Saturday, October 2, 2010

Birthday Reflections

Today I officially started the week long festivities for my birthday. Yeah, you read right, week long. I just really like birthdays, and I strongly believe that the older you get the longer you should celebrate as your birthdays are progressively becoming fewer and fewer. So today I kicked off with a Spa day with the girls and tomorrow I’m going to bake myself a real, authentic New York Cheesecake (for the first time ever, so I’m not sure it’ll actually be edible), and so on and so forth all week long.
 The upcoming birthday is naturally bringing me to reflect on life and age and whatnot (thank goodness this only happens once a year), and I realized something surprising (to me at least). Time passes and we change, but the things that brought on the biggest changes in my life were not related to the passage of time or the natural succession of events in my life (high school, college, work, marriage, kids…), they were all emotional. Take having children, sure the logistics in my life changed, I can rarely go anywhere without someone hanging off my leg, but what really changed ME was feeling for them. Ok. I know I sound ridiculous, but hear me out. You have kids, your life changes, you party less (mainly because you’re bone tired all the time), you yell way more, your days become nightmarish wild goose chases that never seem to end, but what changes you, what really changes you is the… ok I don’t know how to define it… (I stopped writing and thought about it for a day, and there’s no word that comprises the whole feeling)… the love, the responsibility, the constant never ending worry, the hopes and dreams, the anger, the disappointment, the delight…
I used to drive fast, really fast (well as fast as my cars would go, it’s all relative, it’s not like I had a Ferrari), but now I’m the woman who shakes her fist at the BMW passing me at full speed on the freeway.
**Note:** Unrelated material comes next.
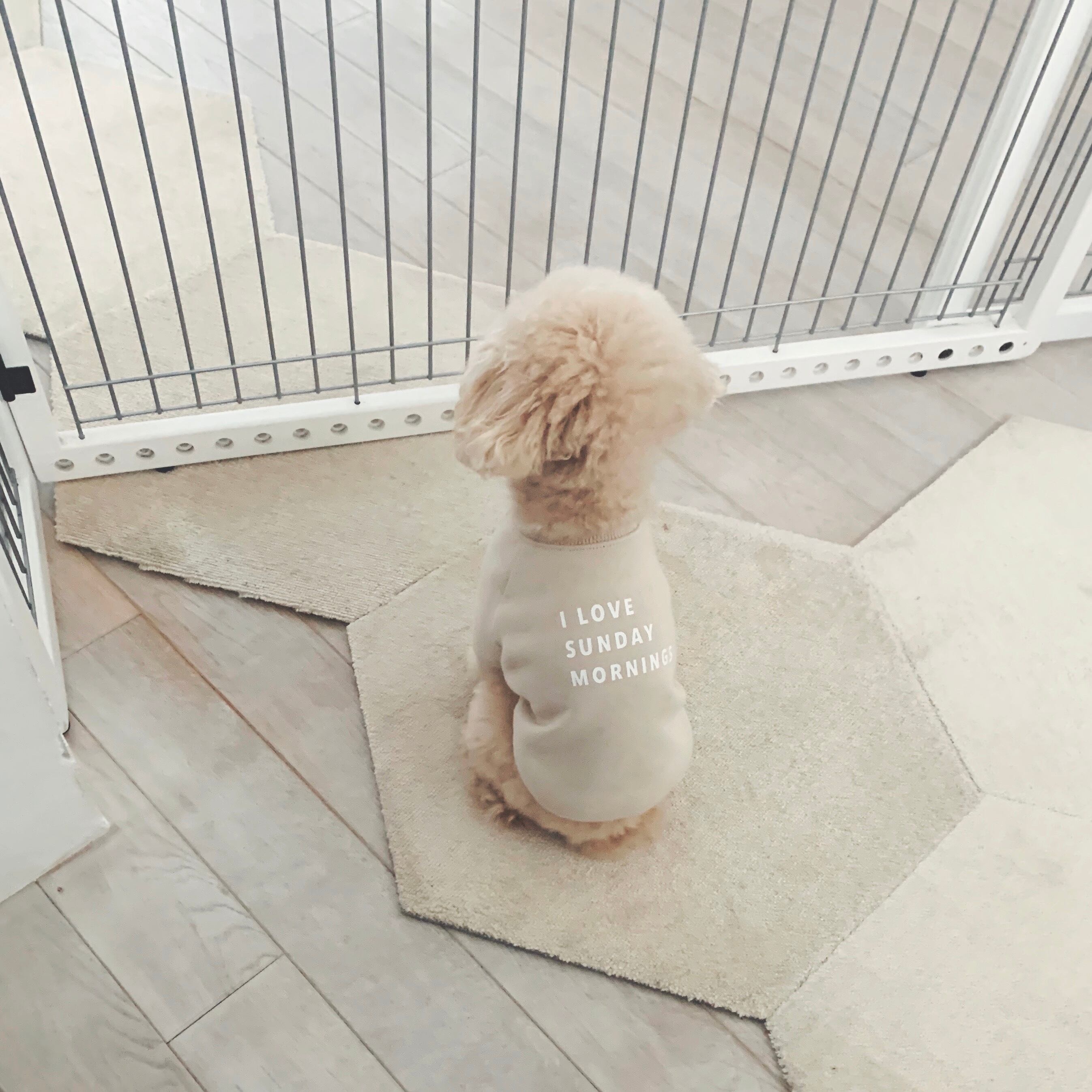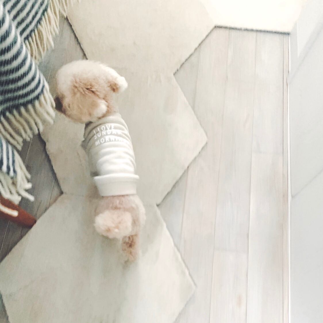 写真のわんこは、首周り19㎝、胴周り31㎝で、SS(−)のものを着用しています。

What happened? I started seeing all sorts of apocalyptic scenarios every time I got behind the wheel of a car; the bloody dead bodies of my children on the asphalt after an accident, or the two of them orphaned because I took a turn too fast in the snow, driving down a mountain (not beyond the realm of possibility where we live), I could go on and on and on. Now, I’m a rational person, so I blame CSI for all this anxiety, but the truth is that I’ve got something really important to lose and now that I’m older I’ve gained a much deeper understanding of this.
This morning, as soon as I woke up, I remembered a day that I went to pick my parents up at the airport. I was seventeen years old, and my twelve year old brother and I had left the house late. Really, really late. We basically left the house at around the time the flight landed. Sure, it was an international flight, so they had to go through customs and immigration and whatnot, but still… we were going to be late, and my Mom (who has turned being late into an art form) will not abide with anyone being late to pick her up. So  I’m driving down the highway, with my twelve year old brother in the car, and I was going 110 mph. I want you to think about that for a second. I was seventeen years old and I was barreling down a major highway in one of the biggest cities in the US at 110 miles per hour. With my brother in the car. Now tell me that thought didn’t make your blood run cold.
So today’s reflection was this, if my seventeen year old self could see me now she would be sooooo embarrassed of the fuddy-duddy I’ve become, what with my sensible shoes, and my practical haircut and the few (or so) extra pounds I’m carrying around, but if I  could see  her right now, I’d smack her upside the head and ground her for years.
So we get older, inevitably, inexorably older. Thank God!

1 comment:

  1. Amazing, Amazing. These posts are so great.
    God they take me back.
    And isn't it incredible how so many of us feel these same emotions?
    I'm super-relieved not to be the only one.